Kaprana AE, Chimona TS, Papadakis CE, Velegrakis SG, Vardiambasis IO, Adamidis G, Velegrakis GA. Auditory Brainstem Response Changes during Exposure to GSM-900 Radiation: An Experimental Study. Audiol Neurootol.16(4):270-276. Nov 16, 2010. Ahead of print.
The ear is the anatomical structure closest to the mobile phone use. Possible effects of mobile phone radiation on the auditory system, in particular electrophysiological changes, have been investigated in many studies. So far, no clear evidence of an effect on auditory brainstem and cochlear responses has been obtained in studies comparing post-exposure electrophysiological recordings to baseline recordings. To the authors’ knowledge, there have been no studies of time-related electrophysiological changes in the auditory system during exposure to radiofrequency radiation from mobile phones.
The objective of this study was “to investigate the possible electrophysiological time-related changes in auditory pathway during mobile phone EMF exposure”.
Twenty eight New Zealand rabbits with normal auditory function (as confirmed by otoscopy and baseline auditory brainstem response (ABR) measurements) were exposed to non-modulated continuous-wave 903 MHz signal for 60 minutes. The total average output power of the transmitter was ~0.22 W, a typical value of the average power transmitted by a mobile phone under favorable conditions near a base station. ABRs (absolute wave latency and inter-wave latency) were measured ipsilaterally to the exposed ear at 1, 15, 30, 45 and 60 minutes of exposure, and contralaterally at 60 minutes of exposure. ABRs were also measured 24 hours post-exposure.

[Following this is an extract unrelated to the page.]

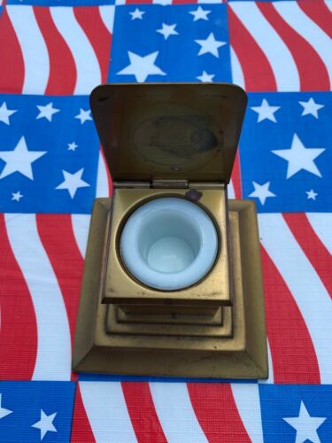 Antique Columnar Brass Ink Well Milk Glass Insert

Four positive waveforms (waves I-IV) were clearly seen at baseline, and wave V was detected less frequently and only at higher levels of auditory stimulus. For ipsilateral ears, significant delay in mean absolute latencies (compared to baseline recordings) was observed for waves III, IV and V at 60, 45 and 15 minutes of exposure, respectively. At 60 minutes of exposure, mean inter-wave latency I-III was prolonged in accordance with wave III delay. Mean inter-wave latencies I-V and III-V were significantly prolonged at 30 minutes. ABR measurements returned to baseline values 24 hours post-exposure. For contralateral ear, no statistically significant changes compared to baseline ABR recordings were seen at 60 minutes.

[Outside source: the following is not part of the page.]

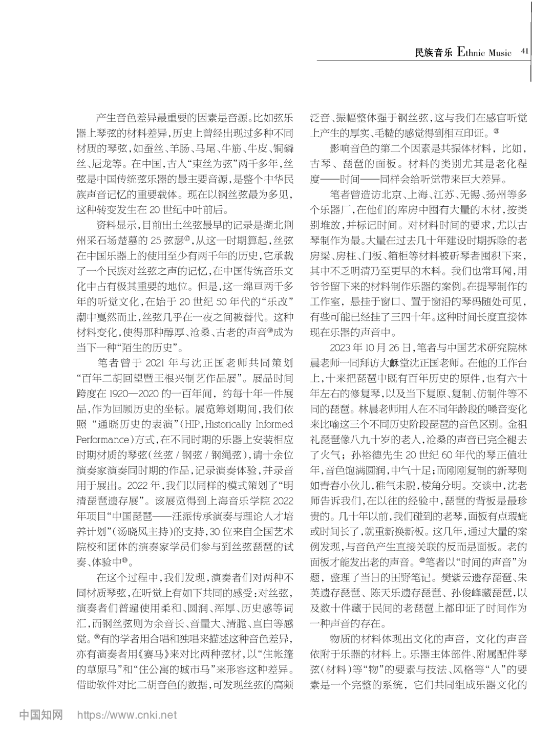 2019年,当我和学生们一起策划和实施《丝弦清音忆江南》的丝竹音乐会时,深切地感受到“乐器”的形制、材料、制作方式,是一系列音乐文化变迁的轴承。“器”之不同的物质形态,同时是重要的“信息载体”,无论是演奏技法、声音色彩、音律标准、身体感知、聆听惯习……皆与“它”相关。2020、2021、2022年在连续参与了上海音乐学院东方乐器博物馆的三个展览《雪梅赋-以古今月琴感念月琴制作师韩常树》《百年二胡回望暨王根兴制艺作品纪念》《明清琵琶遗存展》,以及指导学生撰写相关展陈乐器的研究论文和田野调查时,我深深为“器-乐-人”之间的关系及其历史脉络所蕴含的自然与人文信息所震撼。与考古实物、文字文献、石刻图像不同,乐器所承载的过去,不仅仅是器之“物”的属性所得以考辨的历史;更重要的是此“器物”始终在与人的关系中获得其“乐”的意义和社会生命、社会关系。此外,学术研究不可避免涉入当代的音乐生活,无论是非物质文化遗产的保护,还是专业音乐的发展。面对生活世界,知识的逻辑与实践的逻辑虽然关联,但却各有立场和路线。进入21世纪以来,应用民族音乐学(AppliedEhnomusicology)与“行动民族志”愈益成为知识再生产的范式。李亚和我曾以《丝弦清音忆江南——通晓历史的表演实践》一文报告了2019年我们与上海城隍庙联合民间乐社、音乐学院师生举办的一场意在“唤起老城厢声音”的古乐探索音乐会。自那场音乐会后,老乐器的复原,曲目和曲谱的复排,沉浸式演出方式在上海悄然复苏。然而,形式上的改变是容易的,真正能捕捉历史的神韵则需要更多的实践,甚至于脱胎换骨。近年来东方乐器博物馆和上海音乐学院仪式音乐研究中心、亚欧音乐研究中心与民族音乐学家、策展人、乐器制造者、演奏家们持续合作,努力推出系列以江南丝弦乐器为中心的历史信息项目——“拾回蚕丝的声音”,力图在行动中揭示江南丝弦乐器在结构、音色、演奏技术和传统曲目方面百年演变的动因;还成立了由上海音乐学院学生担纲的“樂龠组合”小乐团。2005年,项目组的邢媛博士与程之伊博士候选人分别在《人民音乐》第6期发表了《作为特殊文献的老乐器——材料、声音和文化遗产》《丝音再起——老乐器生态的重建与文化遗产传承的策略途径》,讨论了几年来在二胡和琵琶的修复过程、以及修复中发现的历史证据、修复的挑战和关键点,不同琴弦材料所产生的各种演奏技巧和声音美学。包括如何将应用民族音乐学的理论与弘扬中华优秀传统文化以及非物质文化遗产保护的具体实践相结合,学术研究如何赋能传统音乐的当代生命力等等。本公众号特别分两期转载她们的论文,以飨读者,并欢迎共同讨论。(萧梅)

Interpretation and Conclusion
These findings suggest that “exposure to EMF emitted by mobile phone can affect the normal electrophysiological activity of the auditory system”. The observed responses “fit the pattern of general responses to a stressor”. The authors point out that, because of differences in brain structure and anatomy between animals and humans, neurological data from animal experiments cannot be safely extrapolated to humans. Also, “waves of various forms and characteristics” are emitted during mobile phone use, which should be taken into consideration in studies of potential neurological effects.